高尿酸對大鼠腎小球足細胞的損害作用

王 昱，王 嬌，繆 妙，鮑曉榮

復旦大學附屬金山醫院腎內科，上海 201508

高尿酸血癥與慢性腎臟病(chronic kidney disease，CKD)之間關系密切，互相影響。一方面隨著CKD進展，腎功能不斷丟失，尿酸從腎臟排泌出現障礙，導致體內尿酸水平進一步增高；另一方面，高尿酸血癥能造成腎臟損害，并且是CKD進展的重要因素[1]。一般認為，尿酸造成的腎臟損傷主要位于小管及間質部位，其主要機制為尿酸鹽結晶沉積在腎組織導致局部發生炎癥反應，出現腎小管萎縮及間質纖維化[2]。然而，近年來也有研究[3-4]發現，尿酸亦可損傷腎小球系膜細胞。這就提示尿酸導致的腎損害并非局限于腎小管-間質部位。足細胞作為腎小球的固有細胞，在腎臟病進展中發揮重要作用。尿酸對足細胞是否有損害作用及其機制如何目前尚不清楚，本研究擬就此進行探討。

1 材料與方法

1.1 動物及模型的建立 雄性SD大鼠40只，體質量163～212 g，6～7周齡，隨機分為4組，每組10只，即對照組、輕微高尿酸組、高尿酸組、別嘌醇干預組。所有大鼠正常喂養。其中，輕微高尿酸組、高尿酸組、別嘌醇干預組均以尿酸酶抑制劑—氧嗪酸鉀灌胃，劑量分別為每日400、800、400 mg/kg；別嘌醇干預組再以別嘌醇灌胃，劑量為25 mg/kg。喂養期間每周稱大鼠體質量，以調整給藥劑量。對照組每日予以等容量蒸餾水灌胃。

1.2 檢測方法 所有大鼠飼養24周后處死。心臟內取血，離心后取血清待檢。分離出左腎并切除，0.9%氯化鈉液沖洗后，分別行蘇木精-伊紅(H-E)染色、免疫組化檢測、Western印跡、RT-PCR、電鏡檢查。血清指標尿酸(UA)、肌酐(Scr)用生化分析儀檢測。H-E染色試劑盒購自江蘇凱基生物技術股份有限公司，染色后在光鏡下觀察腎小球及腎小管、腎間質病變。

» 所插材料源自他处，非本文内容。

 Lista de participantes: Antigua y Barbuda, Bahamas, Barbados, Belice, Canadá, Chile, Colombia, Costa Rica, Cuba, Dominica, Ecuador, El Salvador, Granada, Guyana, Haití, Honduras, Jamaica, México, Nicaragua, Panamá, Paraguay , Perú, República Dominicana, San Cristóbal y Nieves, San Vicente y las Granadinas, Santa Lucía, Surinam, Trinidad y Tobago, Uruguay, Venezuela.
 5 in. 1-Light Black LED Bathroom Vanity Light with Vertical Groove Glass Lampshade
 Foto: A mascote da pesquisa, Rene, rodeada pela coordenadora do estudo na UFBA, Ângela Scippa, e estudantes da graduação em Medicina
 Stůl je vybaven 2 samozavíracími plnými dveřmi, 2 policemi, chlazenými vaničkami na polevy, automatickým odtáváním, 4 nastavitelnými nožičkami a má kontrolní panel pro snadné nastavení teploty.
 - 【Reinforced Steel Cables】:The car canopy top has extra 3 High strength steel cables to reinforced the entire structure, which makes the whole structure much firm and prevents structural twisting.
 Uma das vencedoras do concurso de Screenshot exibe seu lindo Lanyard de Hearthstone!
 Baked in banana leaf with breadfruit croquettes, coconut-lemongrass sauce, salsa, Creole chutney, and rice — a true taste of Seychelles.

1.2.1 免疫組化法檢測AngⅡ、IL-6、SOD在腎組織中的表達 多聚賴氨酸溶液、免疫組化筆、PBS、Triton-X100、AngⅡ抗體、IL-6抗體、SOD抗體、檸檬酸鈉緩沖液、50×TAE電泳緩沖液購自江蘇凱基生物技術股份有限公司。DAB Kit、EliVision plus試劑盒購自福州邁新生物技術開發公司。蘇木精染色液購自南京建成生物工程研究所。中性樹膠購自國藥集團化學試劑有限公司。

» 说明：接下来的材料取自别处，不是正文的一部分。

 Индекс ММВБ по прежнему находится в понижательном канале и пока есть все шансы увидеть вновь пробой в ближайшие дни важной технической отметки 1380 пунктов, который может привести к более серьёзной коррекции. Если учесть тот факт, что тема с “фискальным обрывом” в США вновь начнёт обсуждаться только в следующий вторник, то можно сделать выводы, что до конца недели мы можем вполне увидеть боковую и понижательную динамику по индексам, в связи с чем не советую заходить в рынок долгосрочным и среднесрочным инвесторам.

腎組織經二甲苯沖洗2次，每次5 min，先后予以100%乙醇、95%乙醇、85%乙醇、70%乙醇各沖洗3 min，PBS沖洗3次(每次3 min)。將抗原修復緩沖液加熱至沸騰，將組織切片放到已沸騰的緩沖液中20 min，自然冷卻后，PBS沖洗3次(每次5 min)；3%H2O2，15～25 ℃孵育10 min，PBS沖洗3次(每次5 min)。滴加即用型山羊血清50～100 μL,室溫孵育20 min。滴加一抗(1∶200稀釋)50～100 μL，37℃濕盒孵育2 h，PBS浸洗3次，滴加增強劑50 μL，室溫濕盒孵育30 min。PBS浸洗3次；滴加通用型IgG抗體-Fab段-HRP多聚體50 μL，37℃孵育30 min。PBS浸洗3次；用新鮮配制的DAB顯色液室溫下顯色5～10 min，蒸餾水沖洗10 min終止顯色。蘇木精復染，蒸餾水沖洗5 min。0.1% HCl分化，自來水沖洗，藍化。切片經梯度乙醇脫水干燥，二甲苯透明，中性樹膠封固，晾干后觀察。各指標的表達情況用平均光密度值表示。平均光密度值=積分光密度(IOD)/陽性面積分布(AREA)。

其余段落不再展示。